ためしてガッテン「環境ホルモン」から見えてきたもの

 先月放映されたためしてガッテン「環境ホルモン」を見てから、NHKのすべての番組、ニュースも含めてエンターテイメントショーに見えて仕方がない。科学番組のコメンテーターが話している内容も構成されているのだなと思ってしまうし、ニュースで流される市民へのインタビューも意図的な質問をした結果なのかなと思ってしまう。
 テレビというメディアは、どうがんばってみても一方向メディアだと思う。NHKや民法の討論番組でFAXやメールを使って市民参加型の双方向番組を模索しているのはわかるが、そこに、番組製作側の選別・選択がどうしても入ってしまうため、双方向になっていないと思うのである。
 行政は、インターネットを利用した情報発信を拡大してきている。各省庁は、審議会の内容をホームページ上で公開したり、パブリックコメントの結果を公表している。リスクコミュニケーションが浸透し始めた結果で、良い情報も悪い情報も公開されている。

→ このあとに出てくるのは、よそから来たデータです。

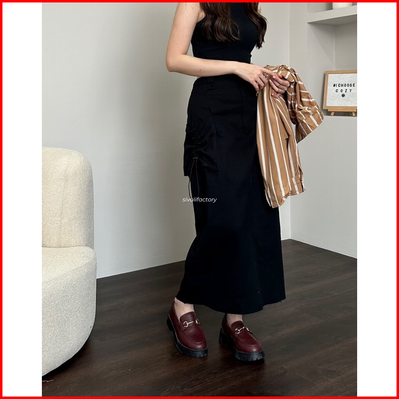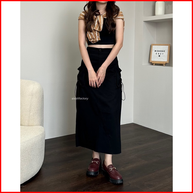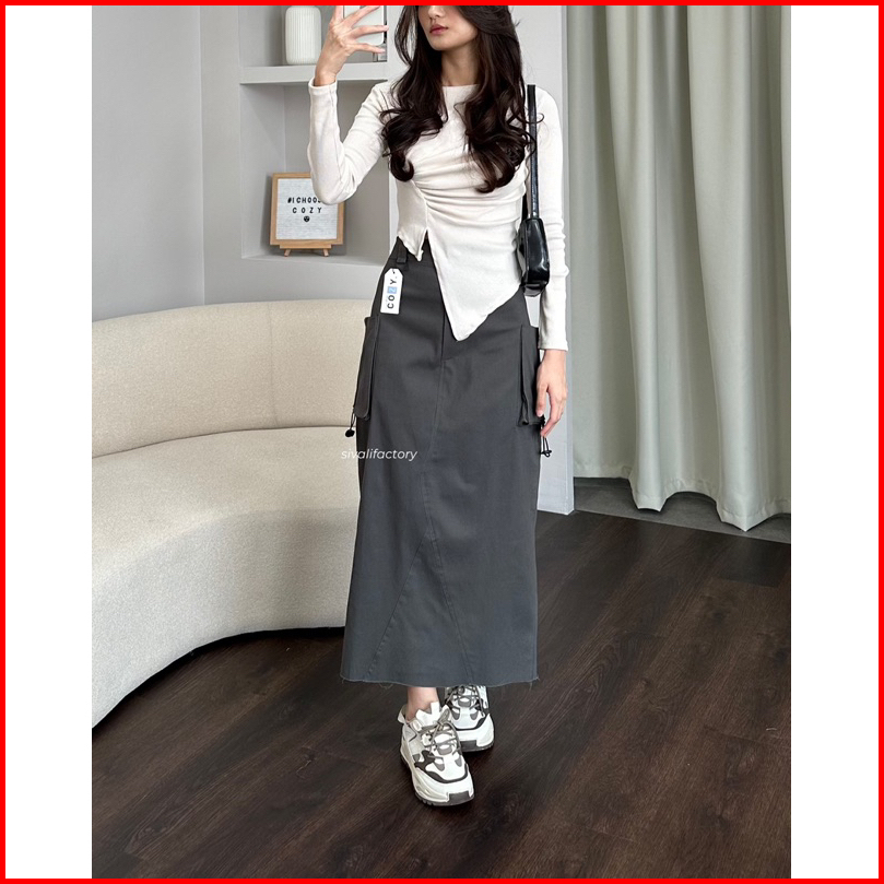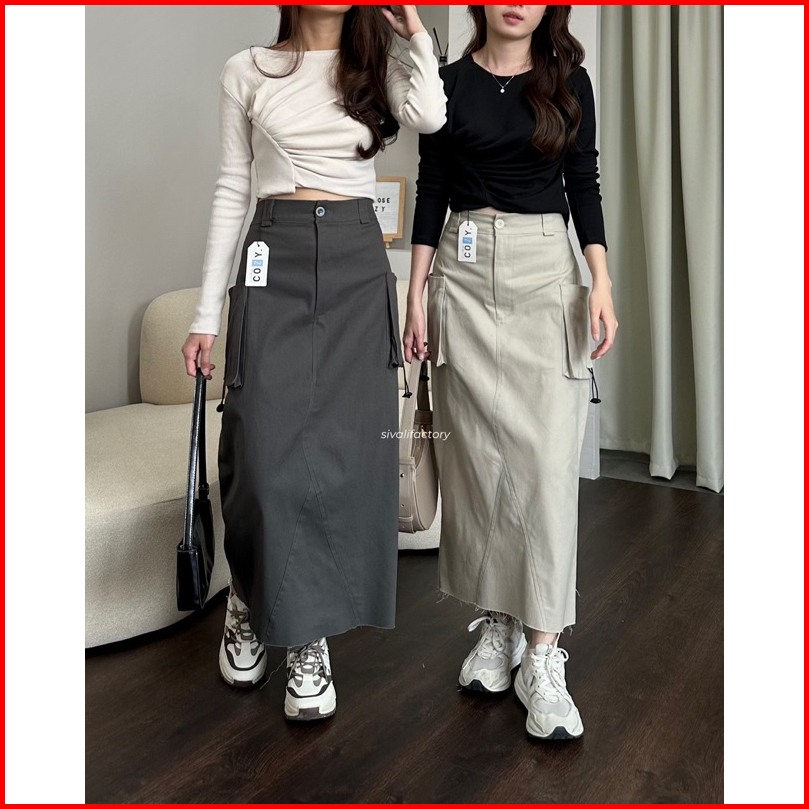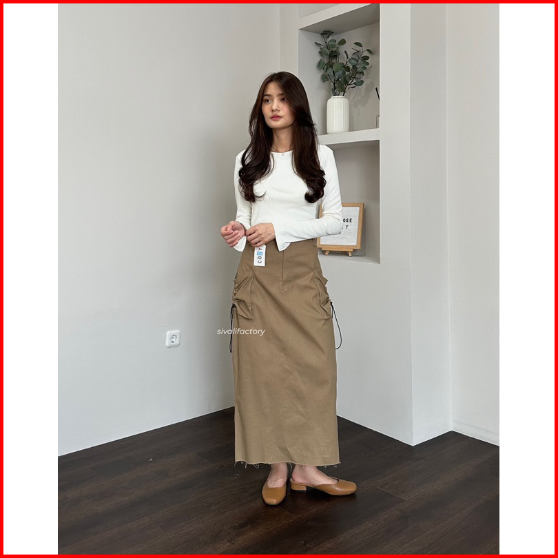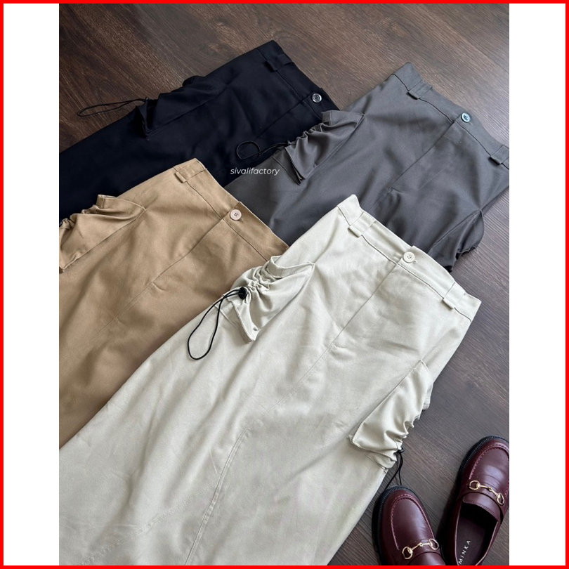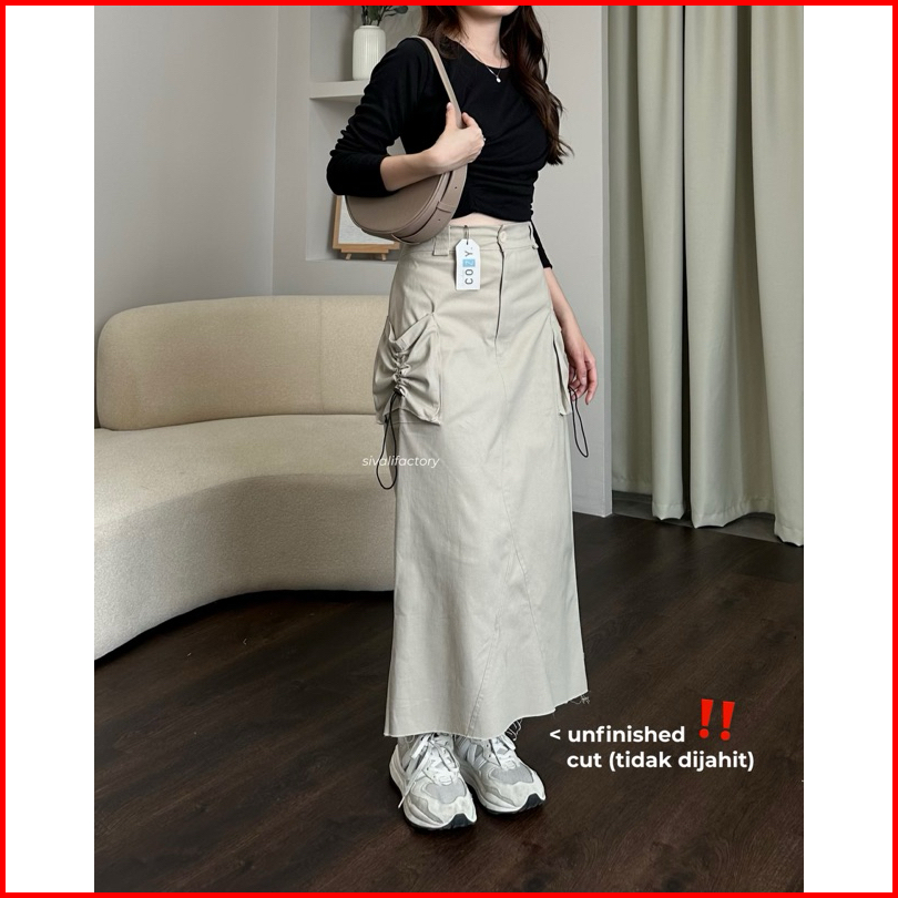 Sivali Milan Skirt - Rok Kargo Serut Wanita Pocket Long Skirt Maxi Panjang
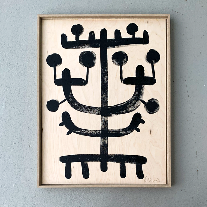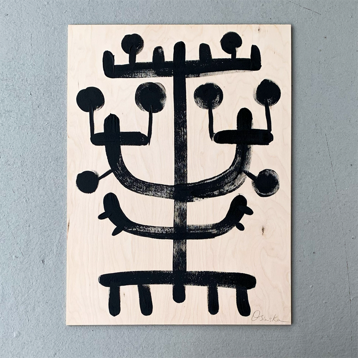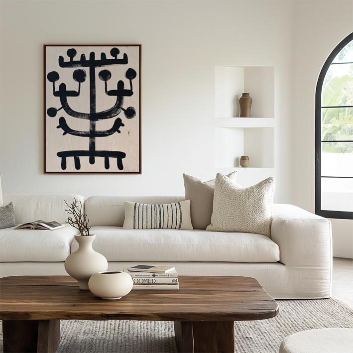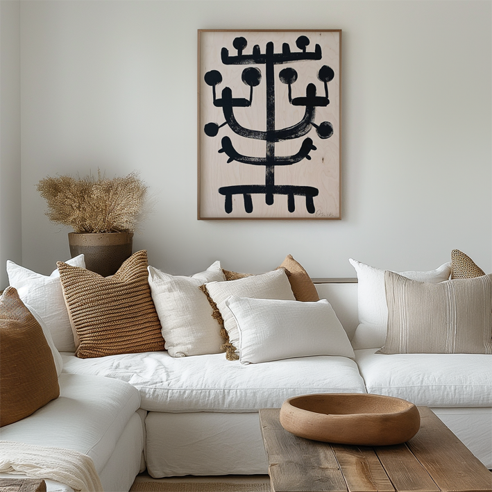 This striking composition is anchored by a powerful vertical axis with radiating horizontal branches, evoking the pulse of life flowing through an ancestral tree. The lower section resembles extended arms or roots reaching outward — symbolizing connection, grounding, and quiet strength.

情報を開示された側(市民サイド)は、それらの情報を吟味した後、パブリックコメントを寄せる。情報を開示した側(行政)は、パブリックコメントを参考に再検討して、その結果をまた公表し、最終結果とする。
 このプロセスは、テレビでは難しいと思う。制作者がどうしても介入するテレビのシステムの場合、入り込みべきではない第三者が入ってしまうため、公平な議論にならない。やはり、インターネットを利用する以外に方法は無いのだと思う。
 リスクコミュニケーションにとって、インターネットとは欠かせない材料になりそうだ。逆の言い方をすると、インターネットの普及がなければ、今の行政の情報公開システムは成り立たなかったのではないだろうか。
 ただ、インターネットが普及したといっても、まだまだテレビから情報を得る人々が圧倒的に多いのも事実だと思う。圧倒的多数の人たちが、制作者やスポンサーの選別・選択を受けた情報しか入手していない。せめて、新聞などの他の情報も読み、比較検討することをしていれば、被害は少ないかもしれないが、活字離れが進んでしまった今、そうしたことを行っている人の数はあまり多くないのでは無いだろうか。
 今の子どもたちは、学校でパソコンを習い、インターネットにふれる機会があるみたいだ。中学生や高校生には、ぜひ、行政が公開している情報の見方、議論の仕方、そして、リスクコミュニケーションについても教えてあげて欲しい。一人でも多くの人が是か非かの単純な二者選択論ではなく、確率論的な思考を活用したある範囲をもった結論を導けるようになってもらいたい。
 子どもたちは、感情論や恐怖心に駆られた不安感、そして天然物思考から安直に判断してしまう大人を見習ってはいけない。